In the grand scheme of things, the number of times I have been blessed with beautiful, strong, healthy baby boys is incredible in and of itself. Many mothers suffer from a much greater loss than my desire for another baby. Women suffer from infertility, pregnancy loss, infant loss, and child loss; women who put my wanting another baby to shame.
So, when you ask me why I’m not dreaming of having a baby girl, and see me declare that I am a Happy Boy Mom – there are so many reasons, none of which are really appropriate to share with you, dear stranger. Your simple question is not so very simple, now is it?

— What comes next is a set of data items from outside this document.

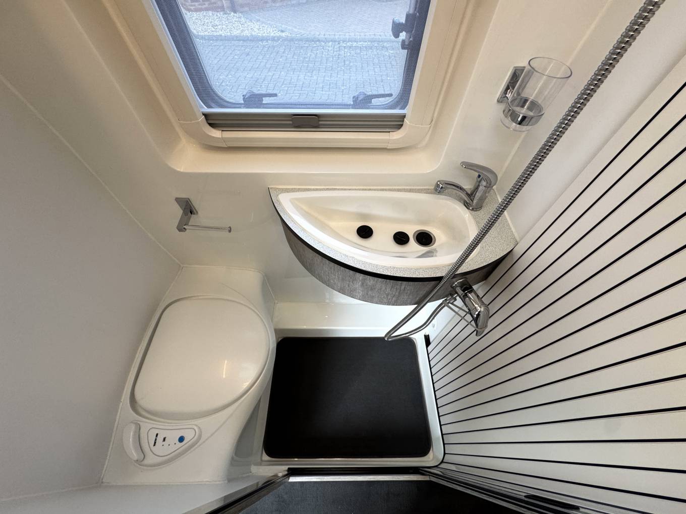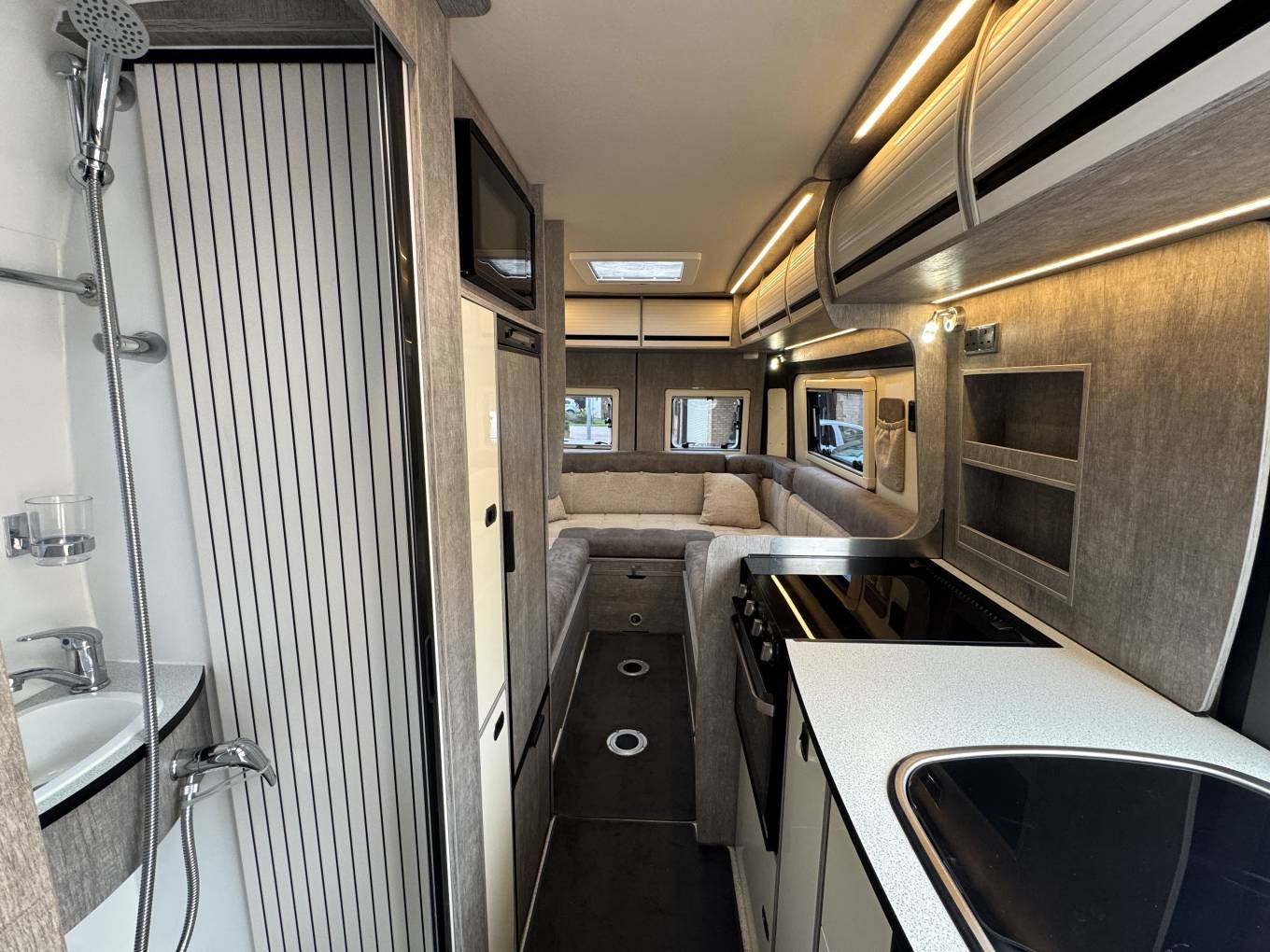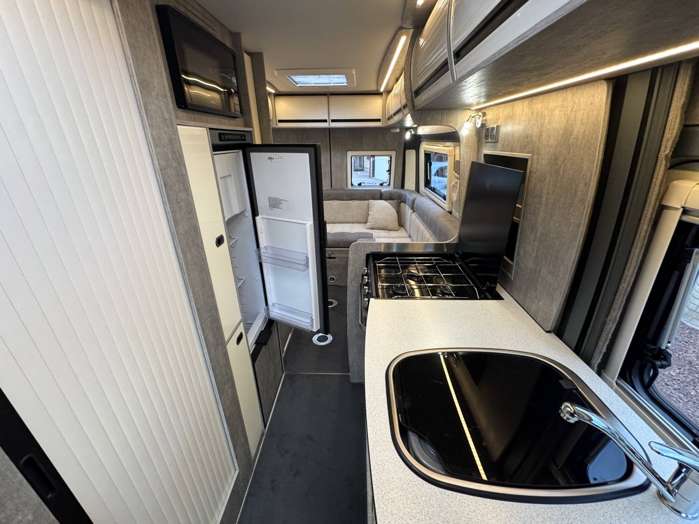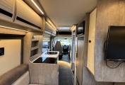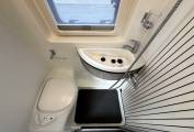 This motorhome is built on a 3500kg chassis with a 2.2 litre manual diesel engine, which means it can be driven on a standard driving licence. The Europa layout offers a rear lounge that converts into either two single beds or a large double, providing flexibility and comfort. The central kitchen is fitted with oven, hob, fridge and sink, while opposite sits the washroom with toilet, shower and basin.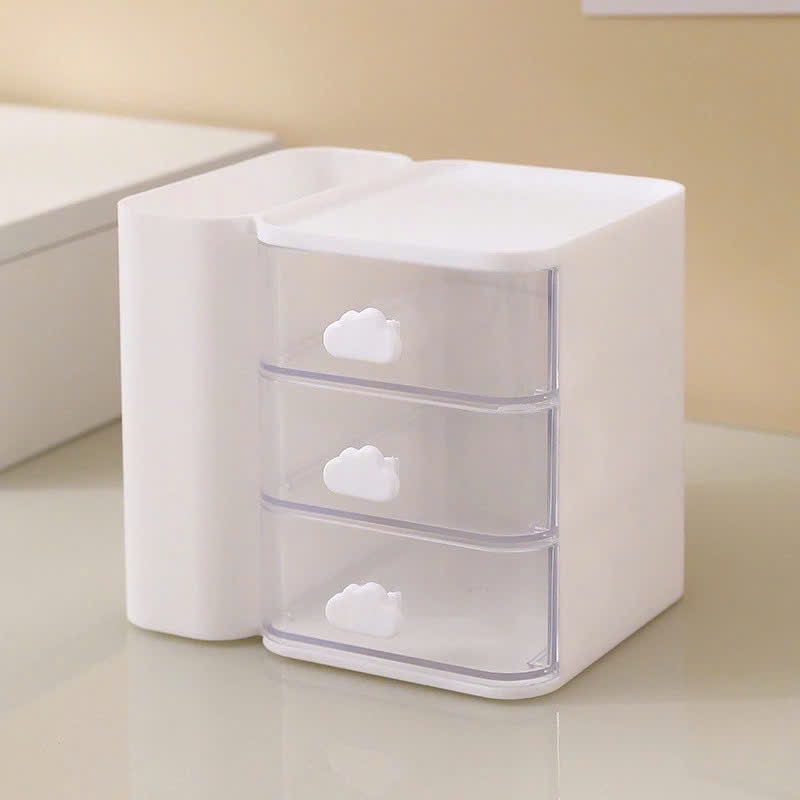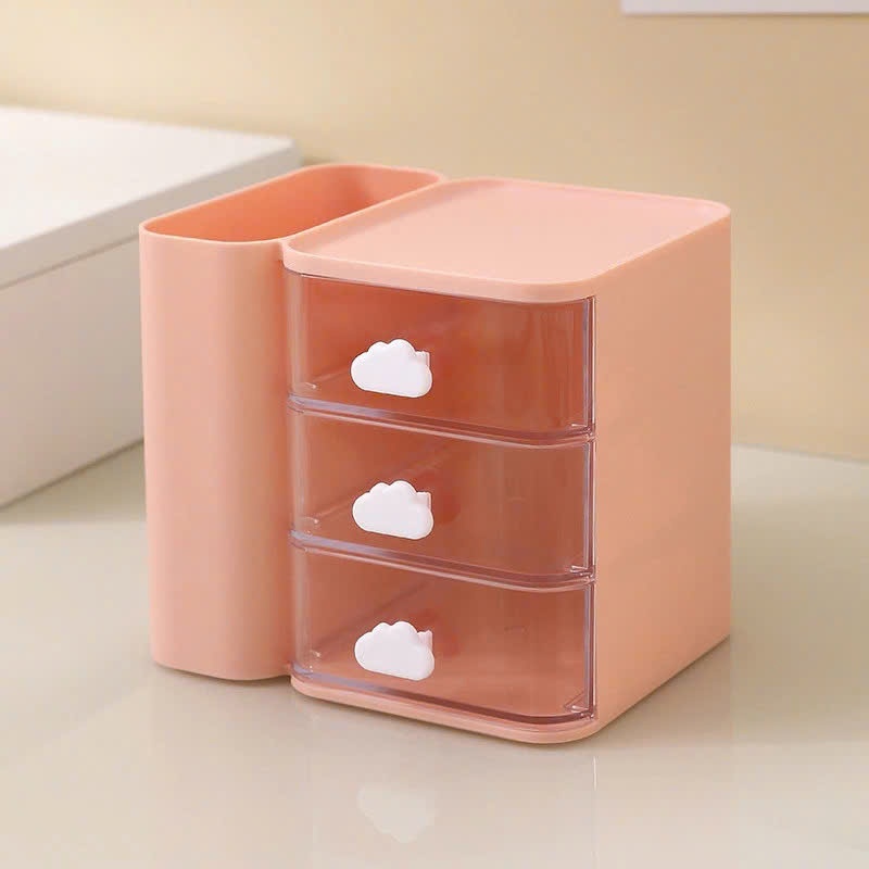 Thiết kế gồm 3 ngăn kéo nhỏ trong suốt, dễ dàng nhìn thấy đồ bên trong. Có thể đựng kẹp giấy, bút xóa, washi tape, dây buộc tóc, đồ trang điểm mini hoặc đồ thủ công nhỏ.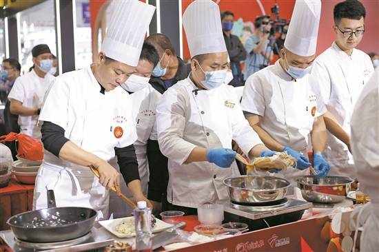 在烹饪区,方便快捷的预制菜让大厨们比往时参加厨艺大赛轻松多了,只需带上几包预制菜就可以上场了。就像一款“羊肚菌花胶”,深圳市谭和鲁食品研发有限公司的大厨只带了10套底加热的瓷碗,拆开预制菜包装,倒进羊肚菌和花胶,然后在旁边的一口大锅拆开高汤料包,慢慢加热,鲜浓的汤底瞬间弥漫在比赛现场,汤好了之后再倒入瓷碗中,就还原出色香味齐全的一款大厨靓汤,厨房小白在家也能轻易操作。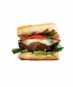 3.Meanwhile, split the bread lengthwise and brush the cut sides with the oil; grill until toasted, 1 to 2 minutes. Rub the cut sides of the bread with the garlic. Cut the bread into quarters and form sandwiches with the watercress, burgers, and red peppers.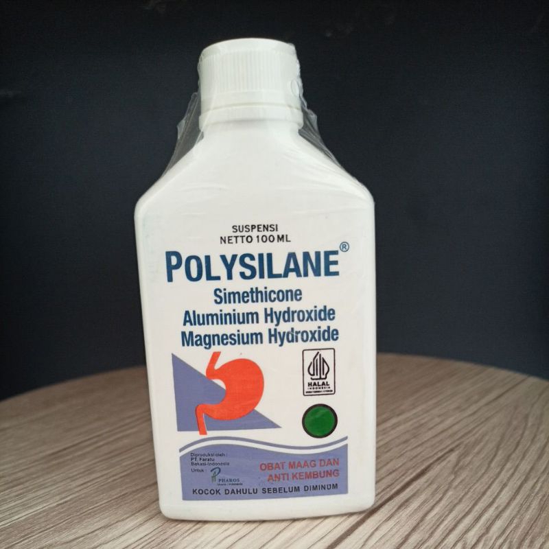 Polysilane sirup 100 mL diproduksi oleh PT. Pharos-Indonesia yang telah terdaftar pada BPOM. Polysilane sirup mengandung Mg(OH)2 200 mg, Al(OH)3 200 mg, dimethicone 80 mg dalam tiap 5 mL. Polysilane dapat digunakan untuk mengurangi gejala yang berhubungan dengan kelebihan asam lambung, gastritis, tukak lambung, tukak usus 12 jari, dengan gejala seperti mual, nyeri ulu hati, nyeri lambung, kembung, dan perasaan penuh pada lambung.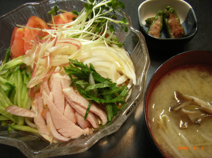 ハム、きゅうり、トマト、貝割れ、玉葱、紫蘇、冥加、しし唐、長ネギ、もやし、舞茸の11品目。
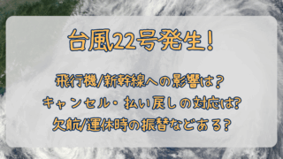 台風 台風22号2025飛行機/新幹線への影響は?キャンセル/払い戻し対応まとめ!欠航/運休時は振替ある? 2025年10月5日、台風22号が発生しました。すでに日本列島の南海上を北上中で、進路次第では三連休や出張・旅行シーズンの交通に大きな影響を及ぼす可能性があります。この記事では、台風22号の最新進路予想飛行機・新幹線への影響欠航・運休時のキ... 2025.10.05 台風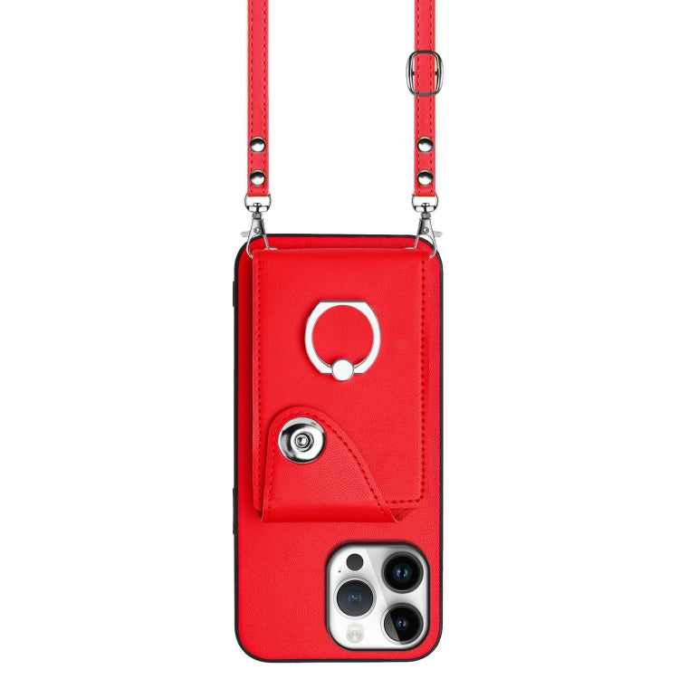 Estuche para Teléfono iPhone 16 Pro Max Soporte Tarjetas Anillo Cordón Largo (Rojo)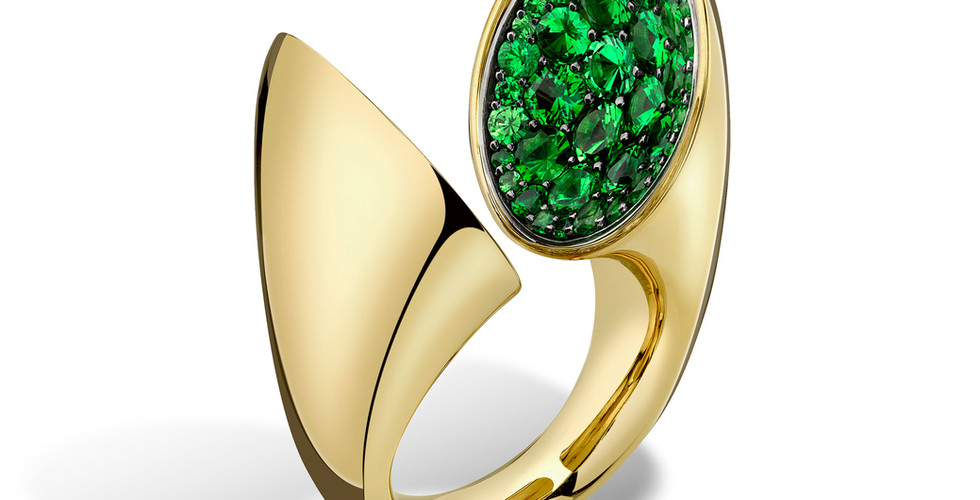 VRAM ECHO YELLOW GOLD TSAVORITE GARNETS, FROM MOMENT 1 COLLECTION.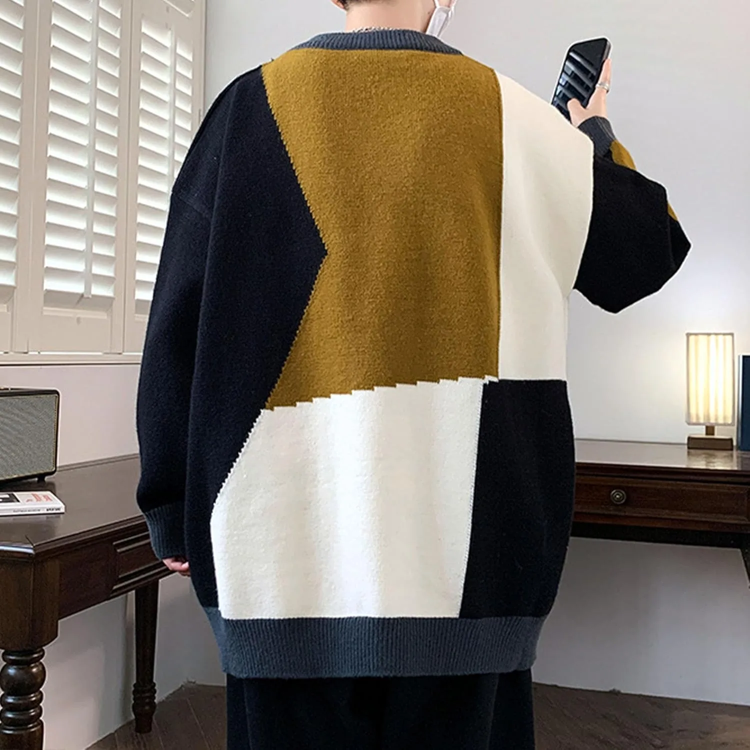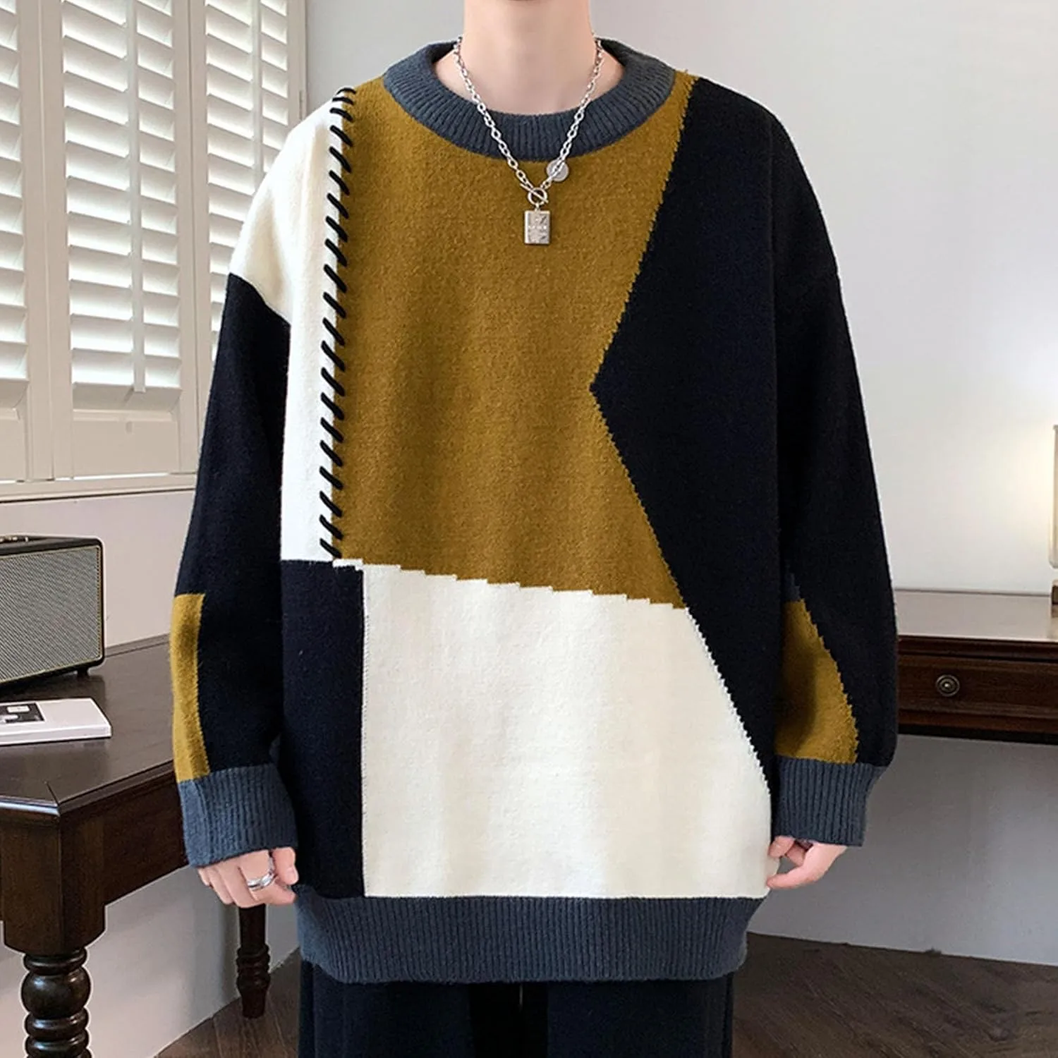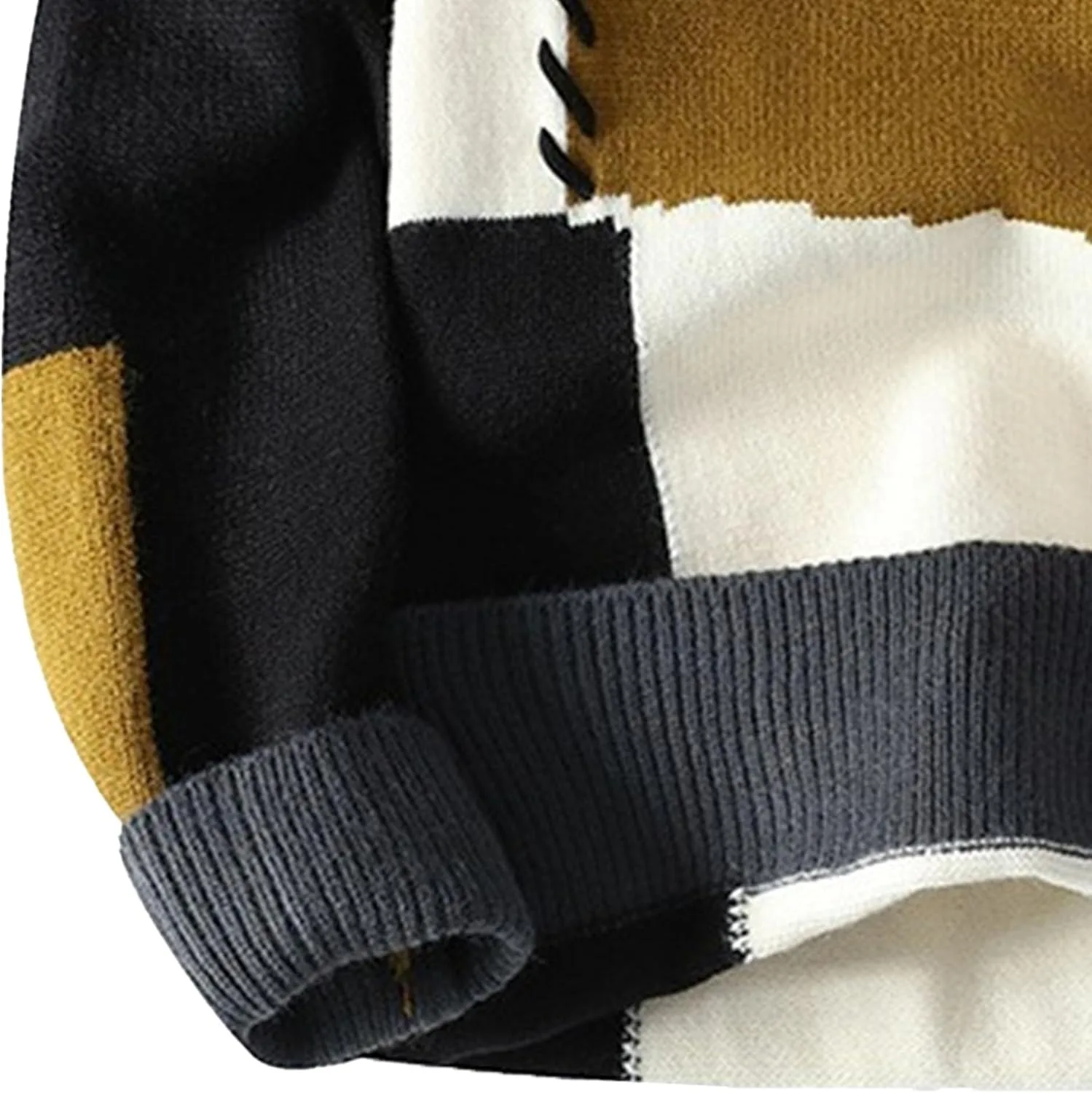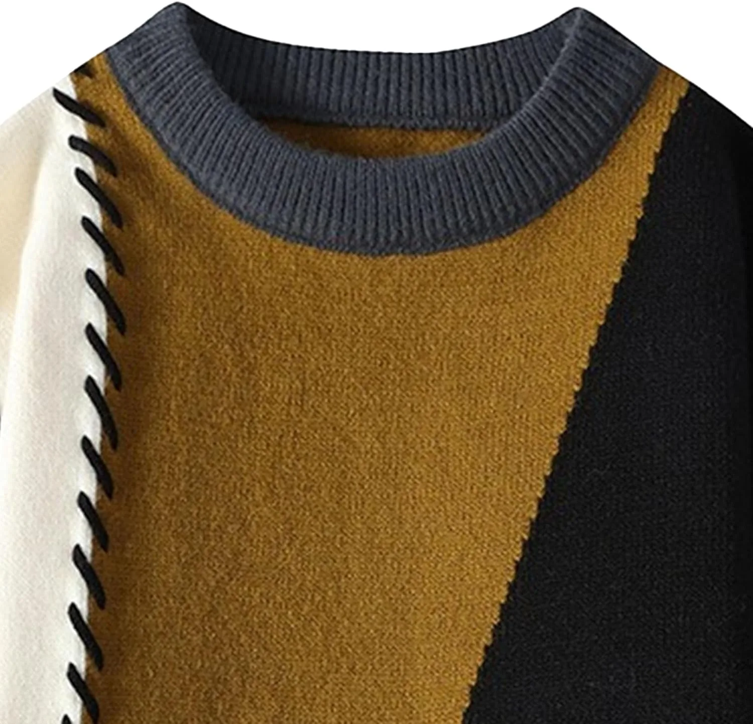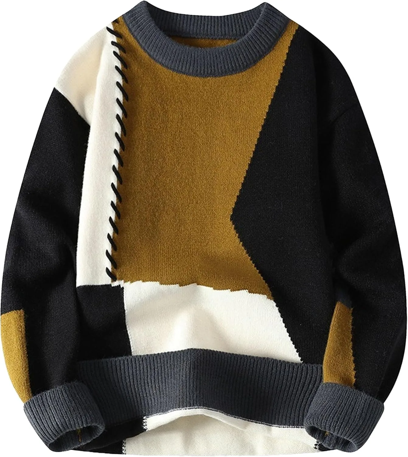 Классический дизайн с круглым вырезом: Мужской свитер с круглым вырезом имеет классический дизайн с длинными рукавами и отложным воротником, идеально сочетая в себе повседневный и элегантный стиль. Ребристые манжеты и нижний край обеспечивают комфорт, согревая вас зимой и придавая стильный вид.

Happy Boy Mom Poem: “We Go Together Like Mother and Son”
By Michele Meleen
Peanut butter and jelly,
moon and star,
these iconic pairings
can’t compare to what we are.
We go together like mother and son
a match made in heaven.
We’re stuck together
whether you’re seven or eleven!
When two things fit
like the Earth and the sun,
they can only be
mother and son.
If we each simply tried complimenting moms on the beautiful children she does have, or single women on the amazing careers or lives they lead, there would be no hard feelings, no feelings of sadness, shame, or anger. I mean let’s be honest, how many times do you hear random strangers ask men if they’re dreaming of having a baby girl or when they’re going to try for another baby? Follow the old adage “to each his own” – let’s move on people and leave everyone’s reproductive decisions alone.